Sur le cadre réglementaire de la surveillance
médicale des personnels de la restauration
Les dispositions du Code du travail relatives à la surveillance médicale visent à prévenir les atteintes à la
santé des salariés.
Dans ce cadre, le Code du travail précise que tout salarié doit faire l'objet d'un examen médical au moment
de l'embauche. Pour les salariés relevant d’une surveillance médicale renforcée, cet examen doit avoir lieu
avant leur embauche. Cet examen a pour but de s'assurer que le nouvel embauché est médicalement apte au
poste de travail et de vérifier qu’il n'est pas atteint d'une
affection dangereuse pour les autres travailleurs.

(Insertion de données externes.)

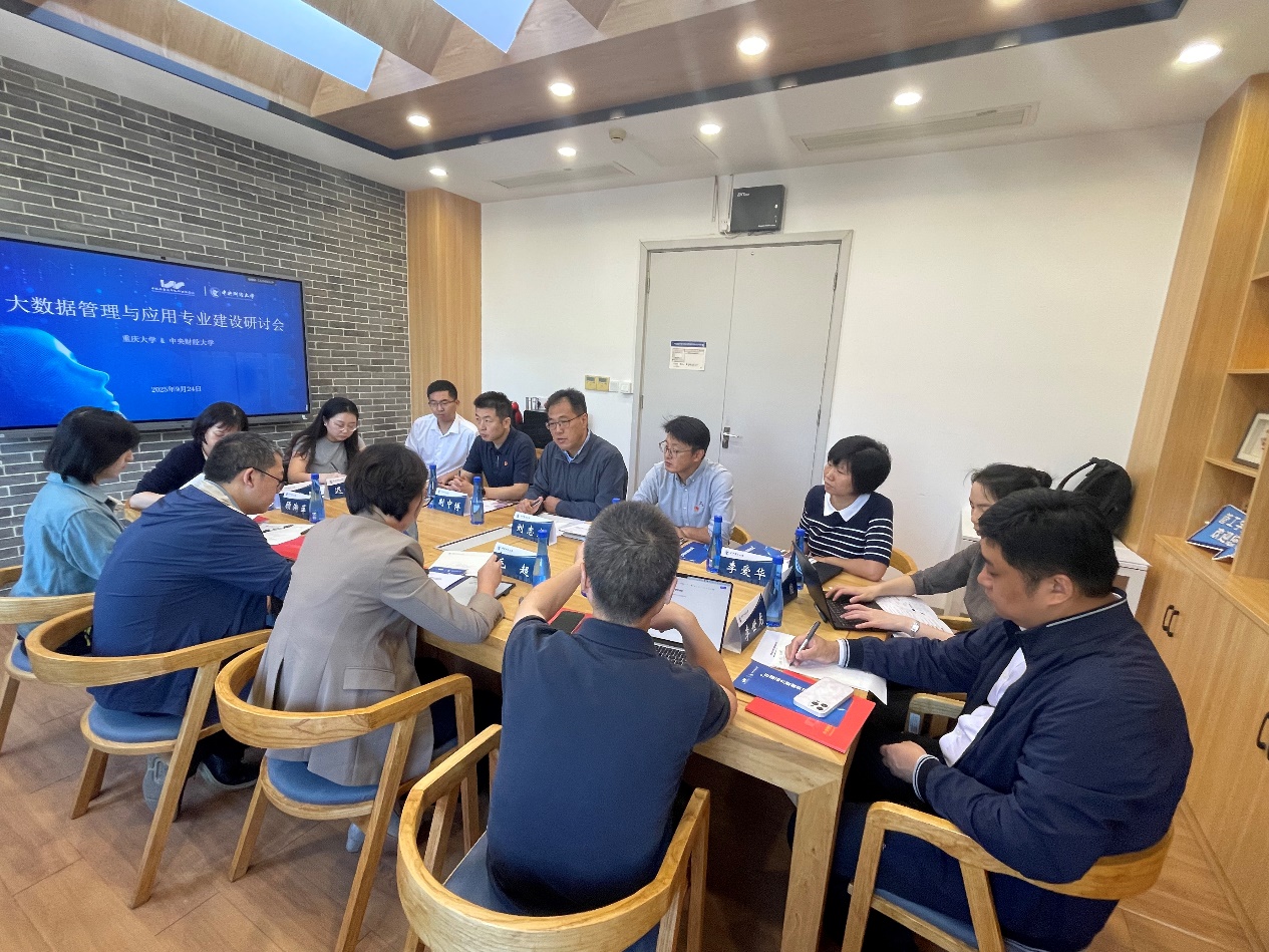 2025年9月24日,重庆大学管理科学与房地产公司党委书记毛超、副经理曾德珩、学术委员会主任周涛、房地产系系主任顾渐萍、房地产系副系主任李世龙、造价系副系主任金海燕、经理助理王能一行七人来到公司,就大数据管理与应用专业建设情况进行专题调研交流。公司经理刘志东、副经理李玉龙、副经理荆中博、许国志大数据英才班项目主任李爱华、公司公司产品与创新专项主任李国文、管理科学系副主任迟钰雪出席了研讨会。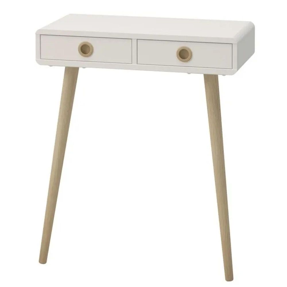 Finished in white with pine stained handles and tapered legs, the Shetland low hall table brings mid-century style to any home. The clean, streamlined appeal of this unit suits almost any decor, and will look great whether you opt for it as a standalone piece, or choose other items from the range to complete the look.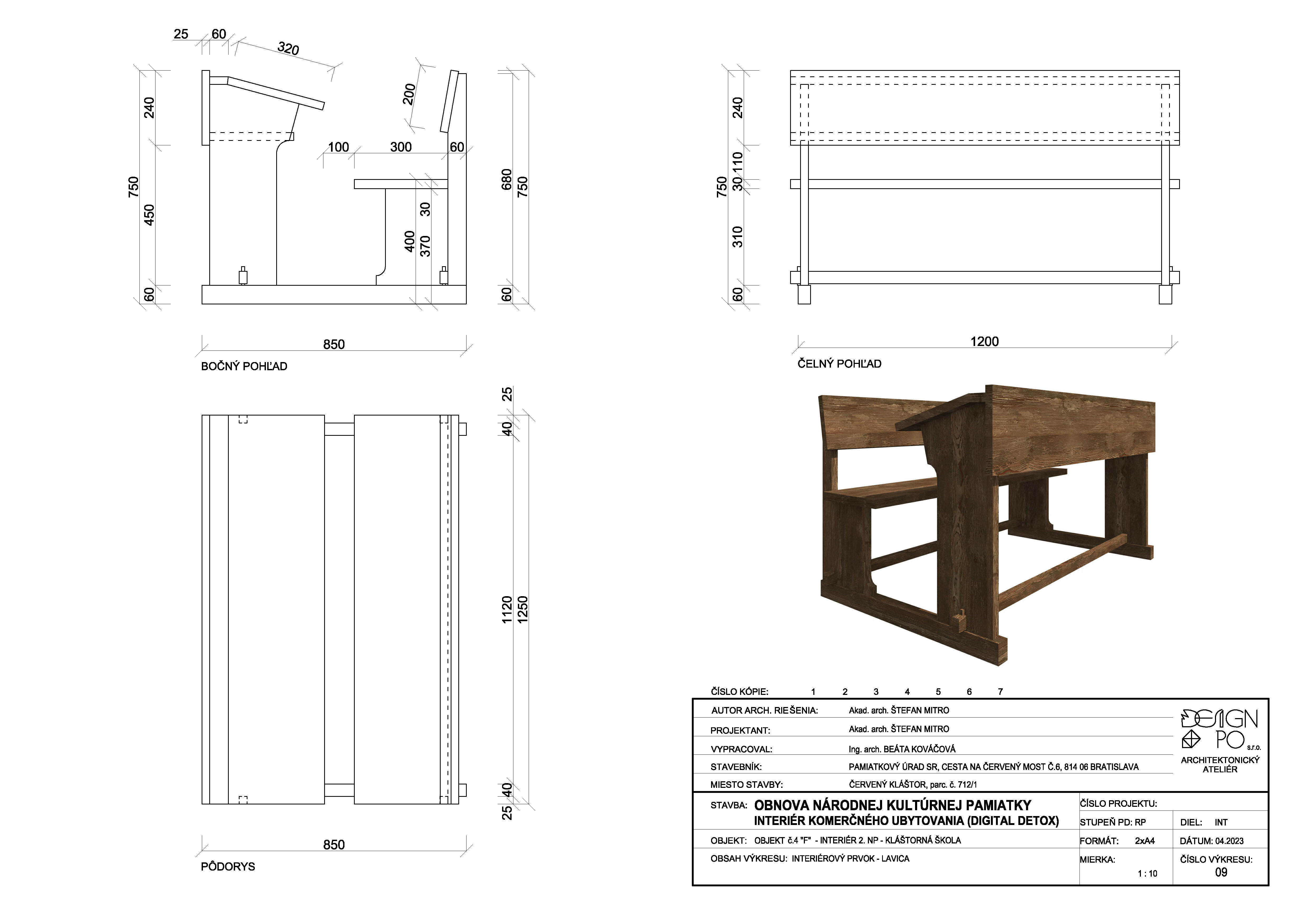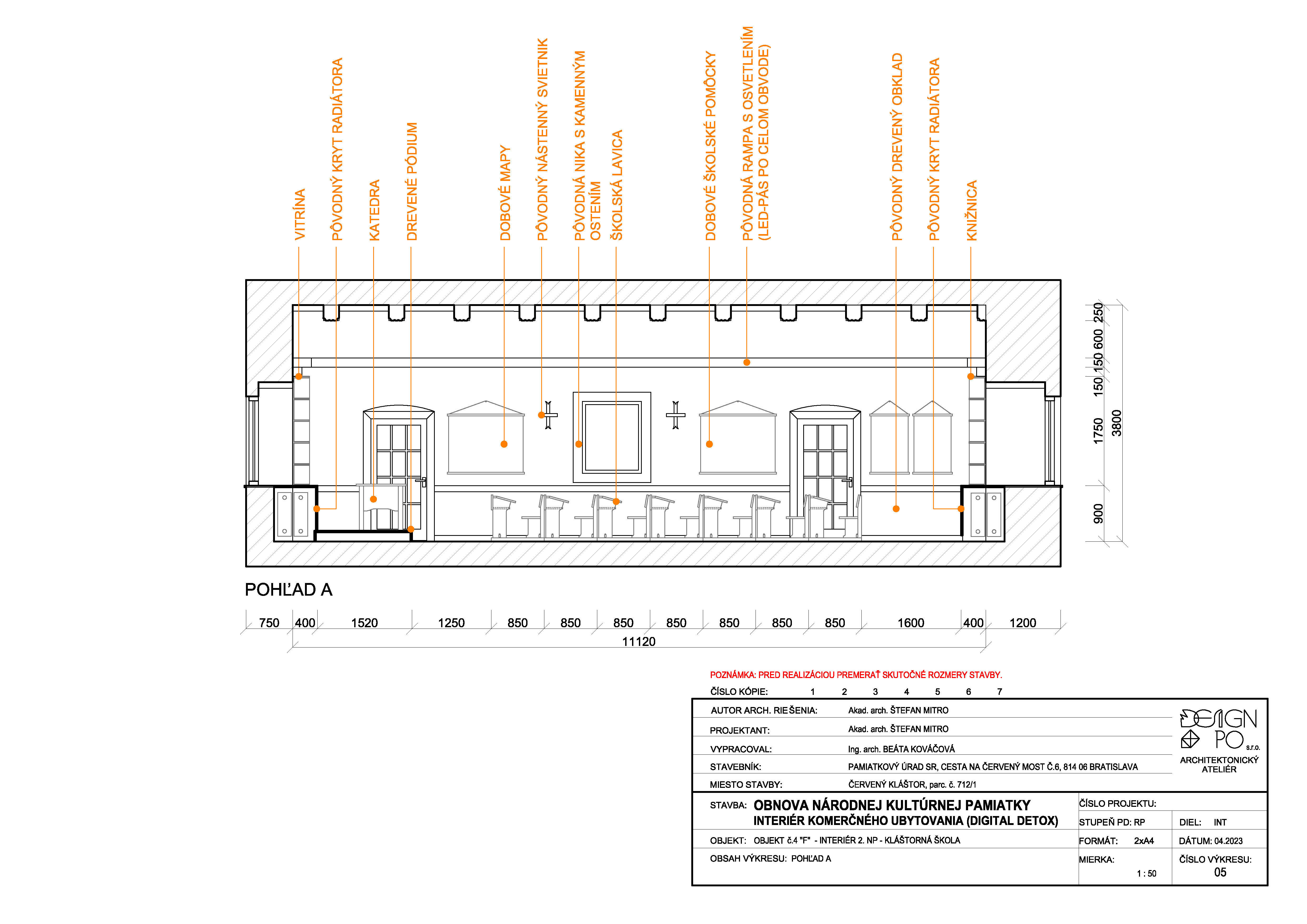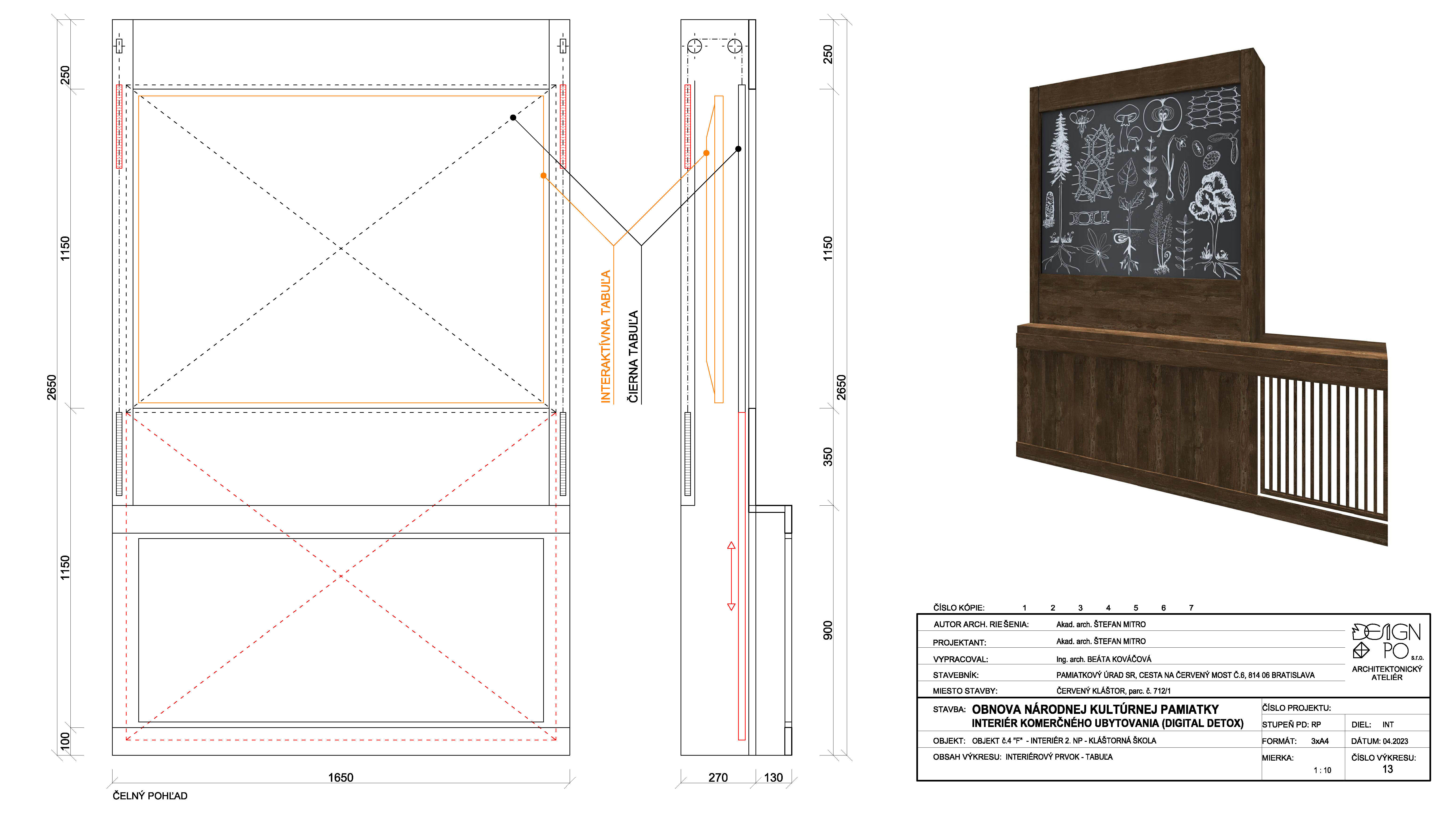 O poschodie vyššie, v miestnosti 2.04 (72,31 m²), vzniká interaktívna trieda. Pôvodné trubkové svietidlá zostávajú odhaleným artefaktom modernistickej fázy, sekundárne osvetlenie zabezpečujú repasované drevené rampy so skrytými LED pásmi. Klasicisticky tvarovaná čierna tabuľa sa zasúva pred 90-palcovú interaktívnu plochu. Lavice, kefované borovicové masívy s olejovo-voskovým náterom, integrujú písaciu dosku a sedenie pre dvojicu žiakov, čím reinterpretujú historické zariadenie. V zadnej stene sa reštauruje kamenná nika uzavretá novou kovanou mrežou; slúžiť bude na prezentáciu vzácnych herbárových faksimílií.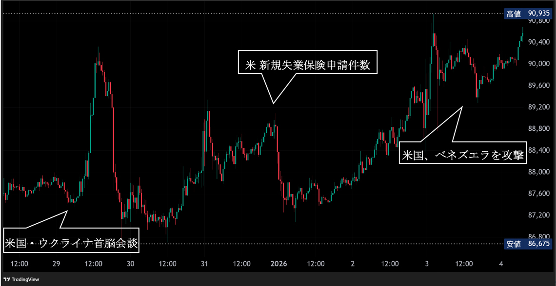 週末には、地政学的リスク要因として米国によるベネズエラ・カラカスへの軍事行動が報じられた。これを受けビットコインは一時的に小幅下落したものの、その後に実施されたトランプ米大統領の記者会見を含め、市場への影響は限定的にとどまった。

Le médecin du travail peut prescrire les examens
complémentaires qu’il juge nécessaires à la détermination de l'aptitude médicale. En l’absence de recommandation officielle pour ce secteur professionnel, le
médecin du travail est seul juge de la nature de ces examens dès lors qu’ils sont destinés à préciser l’aptitude
médicale de la personne. Mais ces examens ne sauraient s’inscrire dans le cadre d’une quelconque démarche du suivi de la qualité du produit fini.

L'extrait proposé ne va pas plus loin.